Triggering dependent resources in a interation loop - puppet

I'm using Puppet to set up workstations and I want to modify the default (NTUSER.DAT) HKLM registry before the user logs on, which involves loading and unloading the hive. I have written some PowerShell scripts to facilitate the load/unload. Although I have three distinct actions, it appears that Puppet is trying to unload the hive before the registry module can make all the changes.
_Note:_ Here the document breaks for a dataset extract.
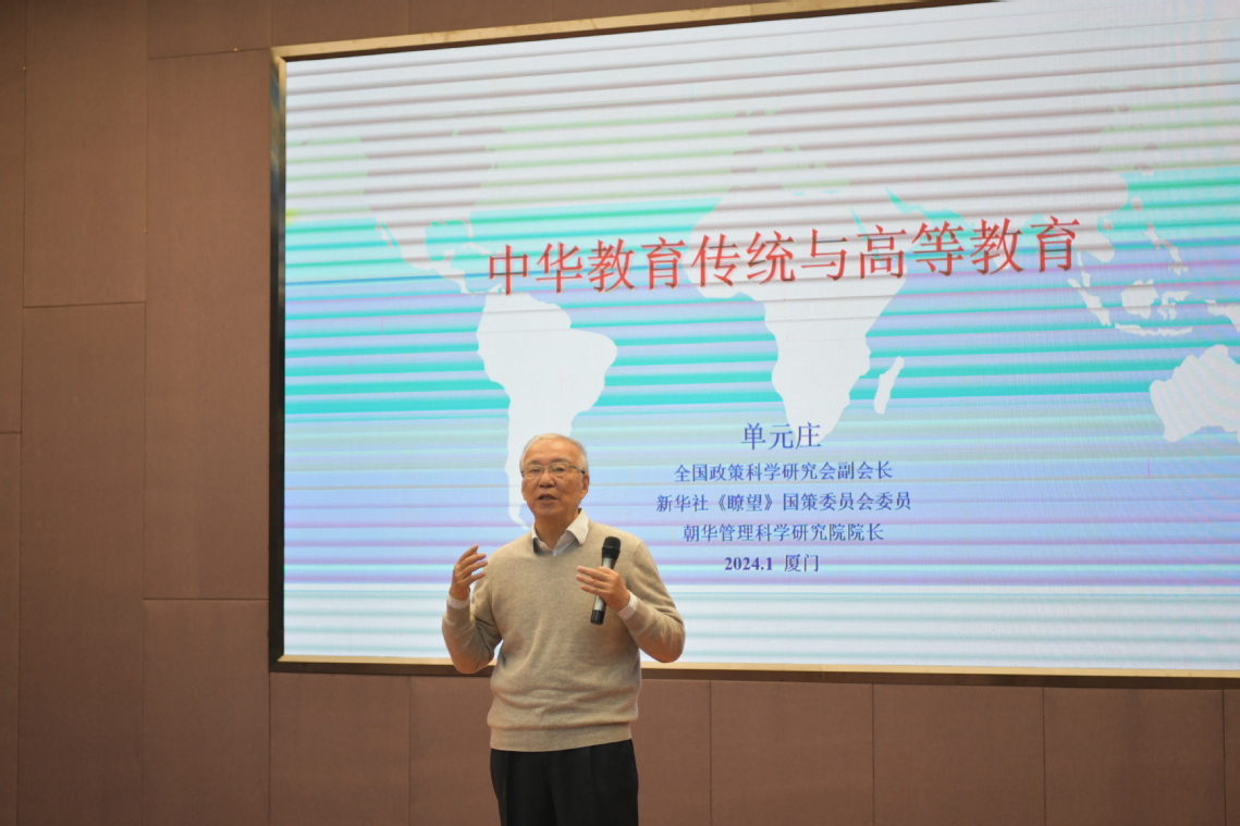 在“中华优秀传统与高等教育”部分,单元庄讲述了中华教育优秀传统案例和以培育具有“天下情怀+治世长技”的国家治理英才为宗旨的中华民族国家的 “社会上层再生产”的中华教育本质。他认为,中华优秀高等教育,是中华民族国家改朝换代而不亡国,罹难衰微而能够再度崛起的中流砥柱。单元庄详细讲解了中华高等教育简史,指出近现代教育史呈现“组织人格化规律”,高等教育塑造的青少年价值观会大概率决定家国命运,所以在建设“中国式现代化”征程中要坚持传承弘扬创新原则,以“人类命运共同体”“天下为公”的目标价值追求作为中国高等教育的主导思想,遵循“组织人格化规律”“青少年价-智结构代际转化规律”“教育链分责共塑规律”,回归教育本质,培育家国人才。
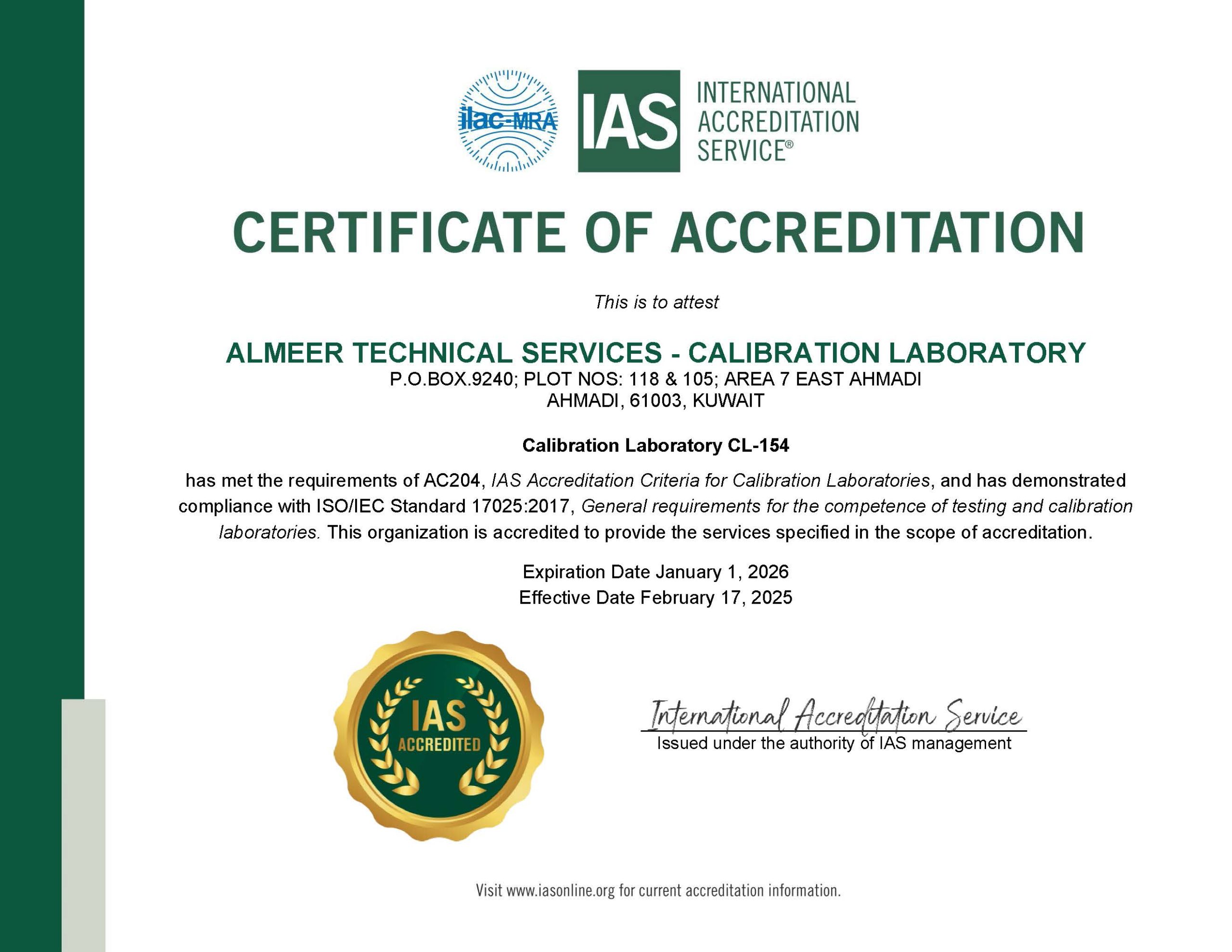 Almeer Calibration Laboratory, together with its associated branch facility in the Republic of Iraq, provides comprehensive calibration, repair, inspection, and analytical qualification services for a wide range of instruments and equipment across multiple disciplines including Dimensional, Mechanical, Pressure, Speed, Acoustic, Volume, Flow, Torque and Force, Vibration, Thermal, Electrical, RF/Microwave and Electromagnetics, Time and Frequency, Chemical, and general Metrology for clients across the Kuwait and Iraq.

I believe I need to add some dependencies using subscribe and refreshonly.
This question is very similar to this one, with the exception that my data is in Hiera, therefore I want to iterate over the data.
$temp_hive_name = $base_windows::temp_hive_name
exec { 'load_registry_hive' :
command => template('base_windows/Load-RegHive.ps1.erb'),
unless => template('base_windows/Test-HiveLoadState.ps1.erb'),
provider => powershell,
logoutput => true,
$base_windows::registry.each | $key, $value | {
registry::value { "registry_${key}" :
key => "${value['key']}\\${temp_hive_name}\\${value['subkey']}",
type => $value['type'],
data => $value['data'],
value => $value['value'],
exec { 'unload_registry_hive' :
command => template('base_windows/Unload-RegHive.ps1.erb'),
onlyif => template('base_windows/Test-HiveLoadState.ps1.erb'),
provider => powershell,
logoutput => true,
This works fine when there are one or two Hiera entries.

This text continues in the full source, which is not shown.